Горький показывал Сытину свою библиотеку, а также коллекцию монет, и сожалел, что не имеет кожаных денежных знаков, когда-то выпущенных каргопольцем Барановым на Аляске. На рубле выпуска тринадцатого года были изображены первый из дома Романовых Михаил и с ним в полупрофиль Николай Второй.
– Символическая монета! – сказал Горький, показывая Сытину этот рубль. – Запомните, Иван Дмитриевич: два царя – первый и последний. Николаю быть последним. Это многим понятно, а еще более многим желательно. Пятый год в памяти. Уроки учитываются, силы крепнут, удар будет сокрушительный.
– Чему быть – того не миновать, – неопределенно ответил Сытин.
Горький не позволял Сытину скучать, каждый день выходил с ним на прогулку по острову. Достопримечательностей особенных нет, места, связанные с легендами о далеком прошлом Италии, не слишком волновали его и только утес над морем, откуда сбрасывали владельцы невинных рабов, а цезари – провинившихся жен, – этот утес запомнился Ивану Дмитриевичу.
Однажды, при тихой погоде, Горький и Сытин, набродившись, сели отдохнуть около древнего заброшенного монастыря, где когда-то курился фимиам, возносились славословия, собирались деньги с верующих, где жили припеваючи слуги римского папы, покорные ему и неаполитанскому кардиналу.
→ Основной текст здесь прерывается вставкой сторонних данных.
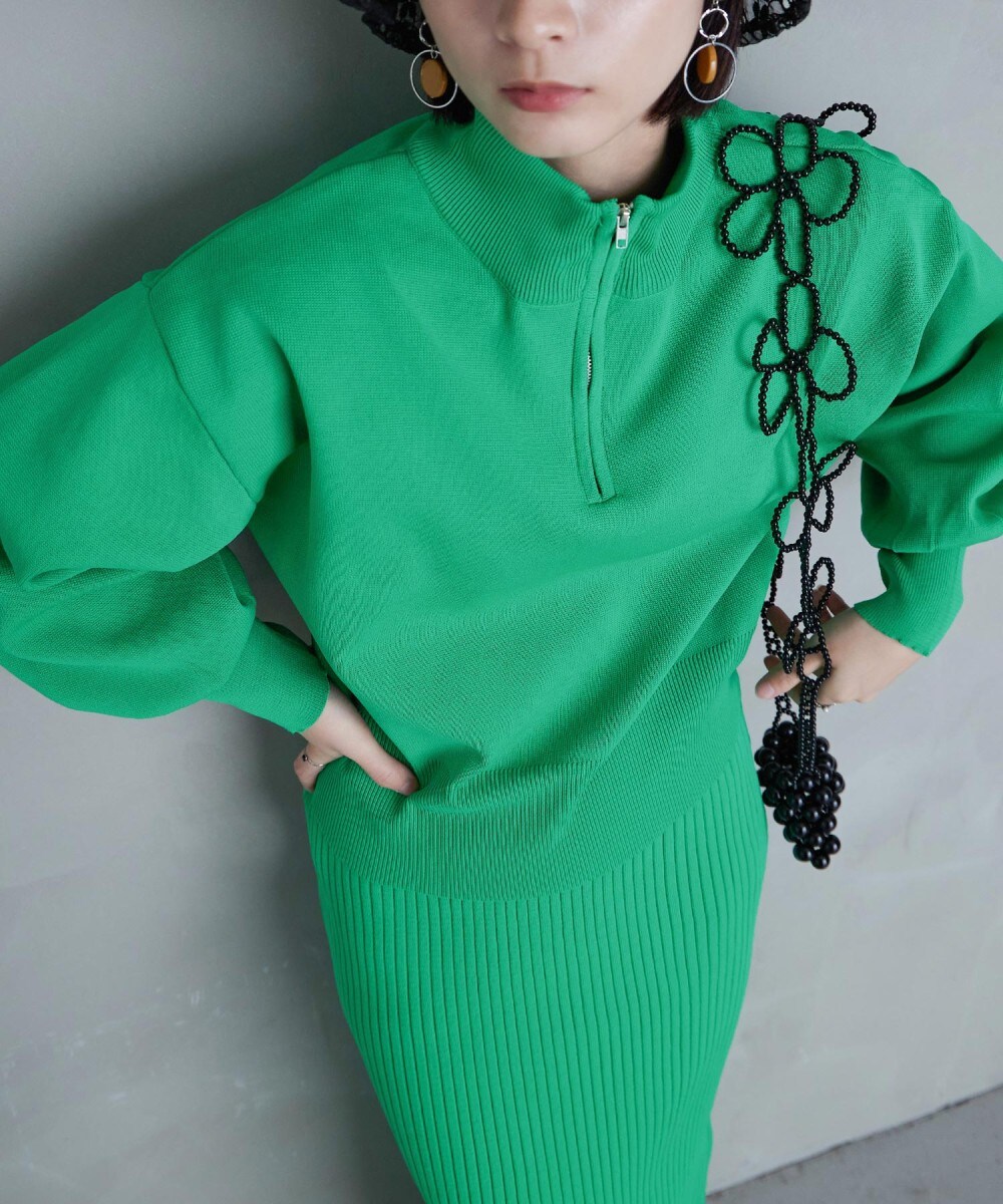 同素材のft0320005074(ニットロングスカート)とのセットアップでの着用も可能。

И здесь снова возник у них разговор о религии. Горький сказал, что, по его мнению, равнодушный к религии народ – это американцы. Потому что уровень техники там высок, а технические достижения идут от науки, которая не в ладах с «божьим соизволением». Затем, фетиш американца – это доллар. Доллар превыше бога!..
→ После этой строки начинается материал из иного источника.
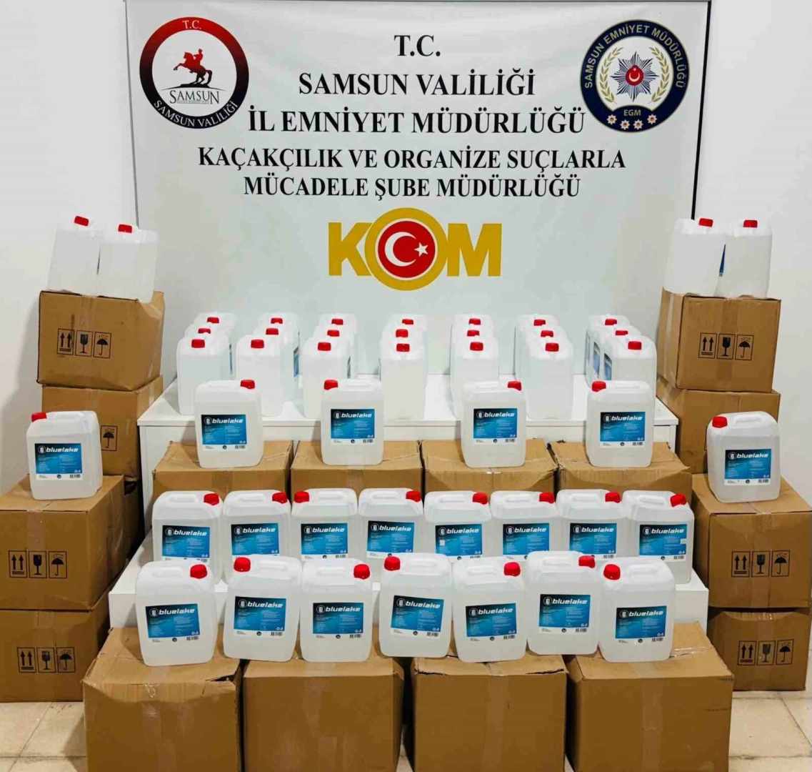 Samsun’da insan sağlığına ciddi zararlar veren sahte içki yapımında kullanılan 640 litre etil alkol ele geçirildi.Edinilen bilgiye göre, Samsun Emniyet Müdürlüğü Kaçakçılık ve Organize Suçlarla Mücadele Şube Müdürlüğü ekipleri, yasadışı, her türlü suç unsurunun ve aranan şahısların yakalanması amacıyla şehrin girişlerinde yol uygulaması yaptı. Yapılan yol uygulamasında şehirlerarası nakliyat yapan bir kamyonun kasasında kolilenerek diğer eşyalar arasına gizlenmiş şekilde, insan sağlığına ciddi zararlar veren sahte içki yapımında kullanılan 640 Litre etil alkol ele geçirildi. Olayla ilgili yakalanan H.O. hakkında yasal işlem başlatıldı.

– Иуды искариотские, если так, – заметил Сытин.
– Деловитость – вот их бог, – продолжал Алексей Максимович. – Но если правящему классу понадобится укрепить религию, они не пожалеют средств на пропаганду библейского бога, вознесут его выше небес. Вы знаете, Иван Дмитриевич, нашего нижегородского мельника Бугрова? – спросил Горький.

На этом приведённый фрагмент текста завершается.